31 Oct 2021

Mental health becomes a pandemic political football

From Mediawatch, 3:34 pm on 31 October 2021

There's been plenty of media coverage on the mental health effects of the pandemic. Mental Health Foundation Shaun Robinson says a lot of it has been too simplistic, or just plain wrong.

Mental Health Foundation CEO Shaun Robinson says the pandemic is having a mounting impact on the mental wellbeing of Auckland's population.

Mental Health Foundation CEO Shaun Robinson says the pandemic is having a mounting impact on the mental wellbeing of Auckland's population. Photo: CHRIS SKELTON/STUFF

Newstalk ZB host Kate Hawkesby passed on a startling prediction last month.

Though Covid-19 has killed five million people across the globe an even worse pandemic could be on its way, she said.

“Some say the mental health shadow pandemic will be bigger than the Covid one,” she said. 

It’s unclear what evidence Hawkesby was using to make that prediction, though a 9News report in Australia a week earlier also warned of a shadow mental health pandemic among children.

The broadcaster was among a host of commentators making sweeping statements about the mental health problems caused by Covid-19 over the last 20 months.

Rumours about skyrocketing suicide numbers have regularly swirled around social media, and that speculation has occasionally seeped into the news.

Last year an anonymous, untrue claim that suicides had risen to six a day caught the attention of privacy commissioner John Edwards, opposition leader Judith Collins and thousands of others on Twitter.

In reality, suicides dropped from 637 the year to June 2019 to 628 in the year to June 2020, and further again to 607 in the latest figures.

Damien Grant, a consistent advocate for ending lockdowns, cited their emotional toll on business owners in a column last year

Matthew Hooton turned to evolutionary psychology in a column outlining why he believed ongoing lockdowns were untenable.

“Humans evolved to need connectivity, including beyond the nuclear family. Forming bands of hunter-gatherers, netball players or macramé enthusiasts is not an optional extra but essential to human mental health and survival,” he wrote. “Happy hermits exist only in fiction.”

Kerre McIvor also lamented the effects of lockdown on business owners in a column earlier this month, where she jokingly threatened to join Brian Tamaki’s next protest if Auckland didn’t leave Level 3.

These columns have been supplemented by frequent news stories covering the mental health effects of lockdowns.

Mental Health Foundation chief executive Shaun Robinson says much of the commentary and reporting has failed to adequately cover the counterfactual: the mental health effects of ending lockdowns and allowing Covid to spread.

Those would include grief over the increase in deaths, distress about changed health, and the fear and anxiety that accompanies an out-of-control pandemic, he told Mediawatch.

“The alternative scenario to what we’re facing now has very big threats to people’s mental health and wellbeing,” he said.

“I’ve been quite angry at some of the people who have a political agenda around ending lockdowns, who have quite insincerely tried to link mental health and suicide rates to the lockdowns as an argument to say ‘this strategy of lockdown is terrible and we should change it’.”

The Mental Health Foundation revealed this month that it had been approached by a journalist urging it to denounce lockdowns over their effects on people’s emotional wellbeing.

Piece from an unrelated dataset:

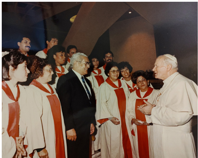
AUDIENCIA DEL GRUPO CORAL ZULIA CON SU SANTIDAD JUAN PABLO II SALA DE AUDIENCIAS PABLO VI DE LA CIUDAD DEL VATICANO

Robinson says there’s still too little data to make firm conclusions about the long-term mental health effects of lockdowns and the pandemic - though responses to past crises can be a guide.

He points to the aftermath of the Christchurch quakes, where the immediate aftermath of the disaster had a galvanising effect on many people in the city. 

“It actually boosts people’s mental health in the first instance. That’s because people feel like they’re part of something,” he says. “It’s the long tail following the disaster or community threat that can have significant effects on people’s mental health or wellbeing.”

Though that long tail could be difficult, he warns against inferring that inevitably means an increase in mental illness.

“There’s a difference between mental wellbeing and mental illness. There’s a general feeling of low mental wellbeing. That’s quite different from people becoming mentally unwell,” Robinson said. 

“Someone like Kate Hawkesby says anxiety is through the roof. Well, what does she mean? We’re all feeling a bit anxious, a bit worried, but there’s a big difference between that and saying clinical anxiety is through the roof.”

Robinson urges anyone covering the mental health impact of the pandemic to read He Aha Oranga which defines mental illness and wellbeing, and diagnoses the systemic problems underlying issues like New Zealand’s high suicide statistics.

Reporting that’s infused with that kind of understanding would be more helpful than the often agenda driven, anti-lockdown commentary, he says.

“Some journalists are really good. They think hard. They want to look at the whole picture. Others in the media, quite frankly, are lazy,” he told Mediawatch.